TASK REQUIREMENTS = Print exactly what appears from the line containing "為盡量縮減成本,企業(yè)" through the final line of the data below, pictures excluded.

── RECORD SET

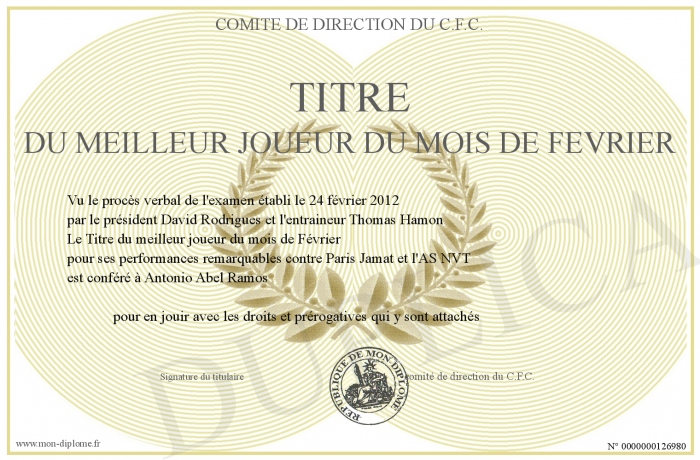 Envoyez par email votre Titre du meilleur joueur du mois de Février personalisé
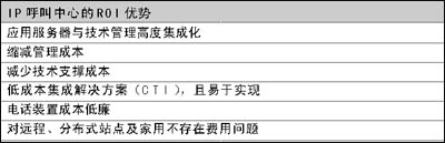 為盡量縮減成本,企業(yè)主管們都在想方設(shè)法引入新型通信技術(shù)改造呼叫中心。IP呼叫中心的ROI優(yōu)勢在于:應(yīng)用服務(wù)器與技術(shù)管理高度集成化;縮減管理成本;減少技術(shù)支撐成本;低成本集成解決方案(CTI),且易于實現(xiàn);電話裝置成本低廉;對遠程、分布式站點及家用不存在費用問題。
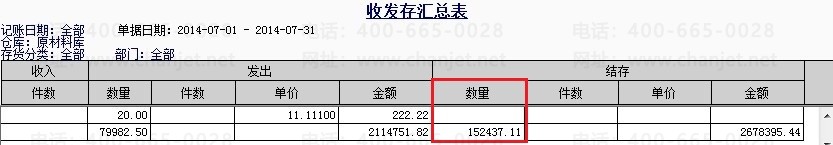 查询7月底中原材料仓库的结存时,核算和库存的收发存汇总表结存数不一致.
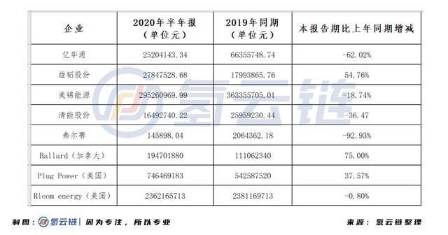 近日,科创板燃料电池“第一股”亿华通发布2020年半年度报告,公司上半年实现营业收入2520.41万元,同比减少62.02%;归属于上市公司股东的净亏损6350.77万元,去年同期则为净亏损2380.53万元;归属于上市公司股东的扣除非经常性损益的净亏损6420.84万元,去年同期则为净亏损4023.05万元。 表1 亿华通半年度报告 据了解,亿华通是一家专注于氢燃料电池发动机系统研发及产业化的高新技术企业,公司主要产品为氢燃料电池发动机系统及相关的技术开发、技术服务,目前主要应用于客车、物流车等商用车型,公司与国内主流的商用车企业宇通客车、北汽福田、中通客车、申龙客车以及吉利商用车等建立了深入的合作关系,搭载公司发动机系统的燃料电池客车已先后在北京、张家口、郑州、苏州、成都等地上线运营。 图1 亿华通燃料电池系统 1、氢能与燃料电池产业市场中汽协数据显示,2020年1-7月燃料电池汽车产销数据分别为397辆和407辆,同比分别下降66.1%和63.2%。2020年7月份燃料电池汽车产销分别为7辆和4辆,而2019年7月份燃料电池产销分别是6辆和4辆。实际上,2月销量甚至挂了零 ,7月份还不算是全年最低点。 虽然销量惨淡,但截止7月,国内各地方政府大量发布的氢能产业政策数量超过40个,政策堪比股票市场行情!形成了明显的“政策多、资本热、市场冷”的现象。 图2 2019-2020年燃料电池产销情况 而从氢燃料电池装机情况来看,自2018至2019年上半年以来,上海重塑、上海电驱动、国鸿重塑、亿华通等四家企业装机功率达到68.47MW,CR4已经达到70.55%,头部效应初显。 表2 燃料电池企业装机功率top10企业 数据来源:动力电池应用分会 氢云链整理
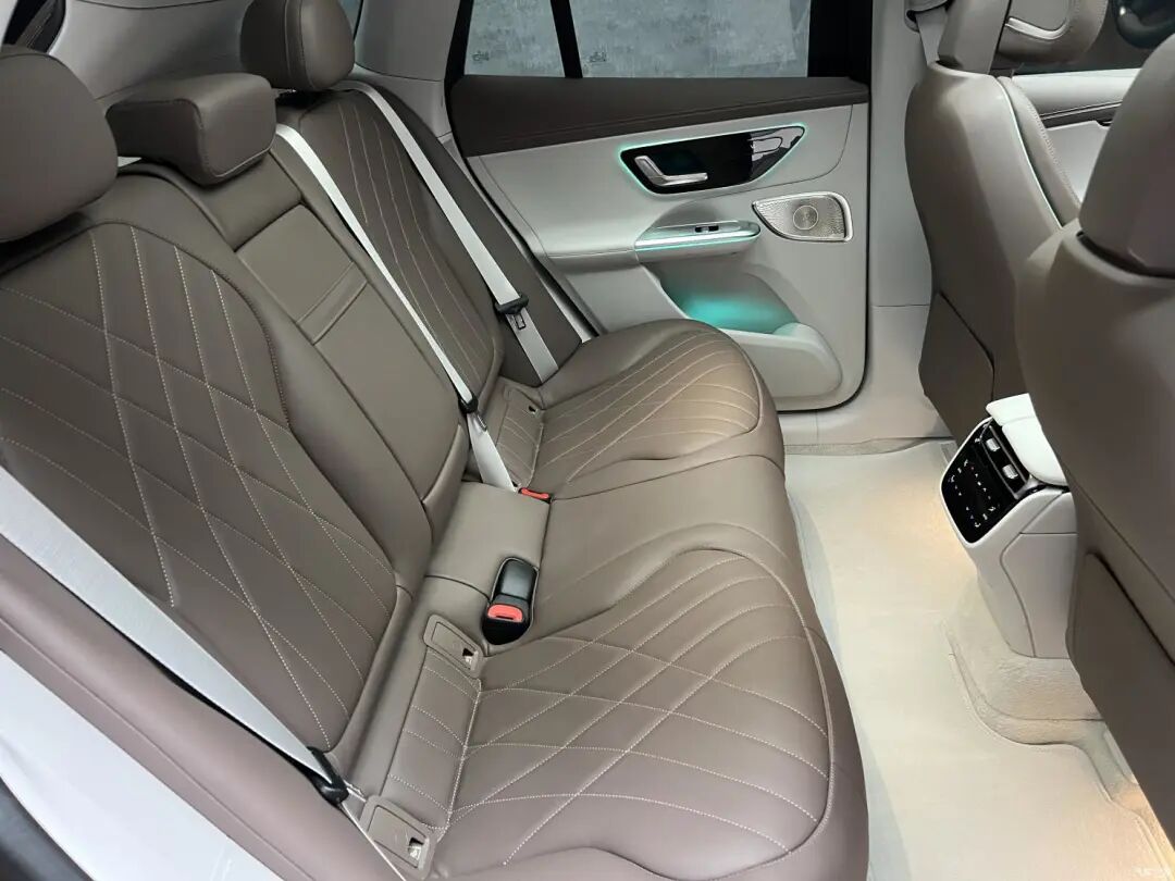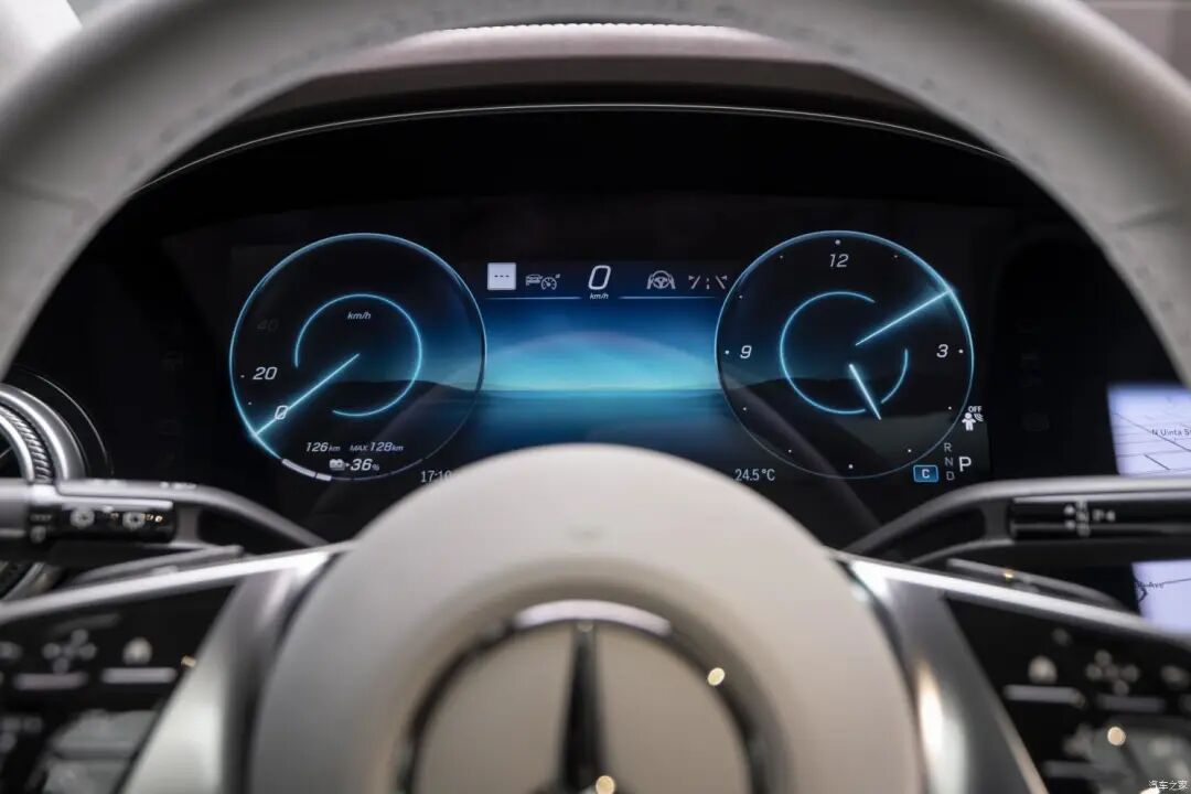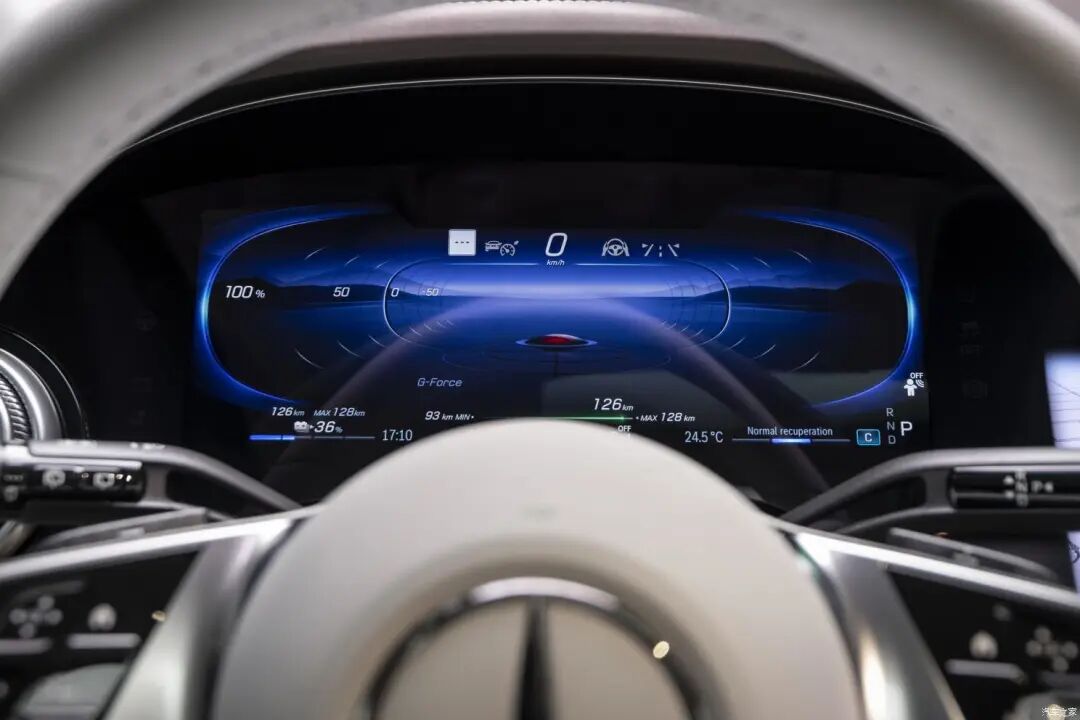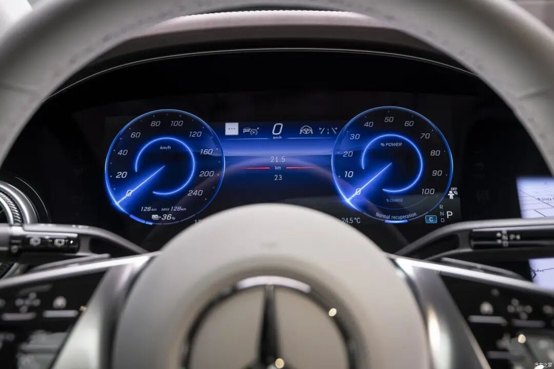 三辐白色真皮方向盘和EQS上的样式一致,两侧的多功能按键为触摸式设计,还具有电动调节功能。
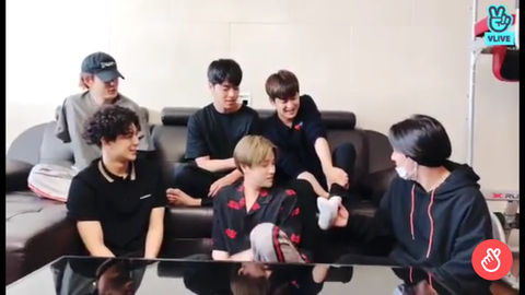 아무튼 곧 브이앱도 다시 할 거래!!ㅎㅎ 둘씩 짝지어서 윤형×진환 / 바비×준회 / 찬우×동혁 순으로 3그룹이 의리로 총 5시간을 채우는걸로 했어!! (예를들어 윤형진환이 1시간 했으면 바비준회 찬우동혁이 4시간 알아서 채우는 형식)

────

YOUR RESPONSE =
 為盡量縮減成本,企業(yè)主管們都在想方設(shè)法引入新型通信技術(shù)改造呼叫中心。IP呼叫中心的ROI優(yōu)勢在于:應(yīng)用服務(wù)器與技術(shù)管理高度集成化;縮減管理成本;減少技術(shù)支撐成本;低成本集成解決方案(CTI),且易于實現(xiàn);電話裝置成本低廉;對遠程、分布式站點及家用不存在費用問題。
 查询7月底中原材料仓库的结存时,核算和库存的收发存汇总表结存数不一致.
 近日,科创板燃料电池“第一股”亿华通发布2020年半年度报告,公司上半年实现营业收入2520.41万元,同比减少62.02%;归属于上市公司股东的净亏损6350.77万元,去年同期则为净亏损2380.53万元;归属于上市公司股东的扣除非经常性损益的净亏损6420.84万元,去年同期则为净亏损4023.05万元。 表1 亿华通半年度报告 据了解,亿华通是一家专注于氢燃料电池发动机系统研发及产业化的高新技术企业,公司主要产品为氢燃料电池发动机系统及相关的技术开发、技术服务,目前主要应用于客车、物流车等商用车型,公司与国内主流的商用车企业宇通客车、北汽福田、中通客车、申龙客车以及吉利商用车等建立了深入的合作关系,搭载公司发动机系统的燃料电池客车已先后在北京、张家口、郑州、苏州、成都等地上线运营。 图1 亿华通燃料电池系统 1、氢能与燃料电池产业市场中汽协数据显示,2020年1-7月燃料电池汽车产销数据分别为397辆和407辆,同比分别下降66.1%和63.2%。2020年7月份燃料电池汽车产销分别为7辆和4辆,而2019年7月份燃料电池产销分别是6辆和4辆。实际上,2月销量甚至挂了零 ,7月份还不算是全年最低点。 虽然销量惨淡,但截止7月,国内各地方政府大量发布的氢能产业政策数量超过40个,政策堪比股票市场行情!形成了明显的“政策多、资本热、市场冷”的现象。 图2 2019-2020年燃料电池产销情况 而从氢燃料电池装机情况来看,自2018至2019年上半年以来,上海重塑、上海电驱动、国鸿重塑、亿华通等四家企业装机功率达到68.47MW,CR4已经达到70.55%,头部效应初显。 表2 燃料电池企业装机功率top10企业 数据来源:动力电池应用分会 氢云链整理
 三辐白色真皮方向盘和EQS上的样式一致,两侧的多功能按键为触摸式设计,还具有电动调节功能。
 아무튼 곧 브이앱도 다시 할 거래!!ㅎㅎ 둘씩 짝지어서 윤형×진환 / 바비×준회 / 찬우×동혁 순으로 3그룹이 의리로 총 5시간을 채우는걸로 했어!! (예를들어 윤형진환이 1시간 했으면 바비준회 찬우동혁이 4시간 알아서 채우는 형식)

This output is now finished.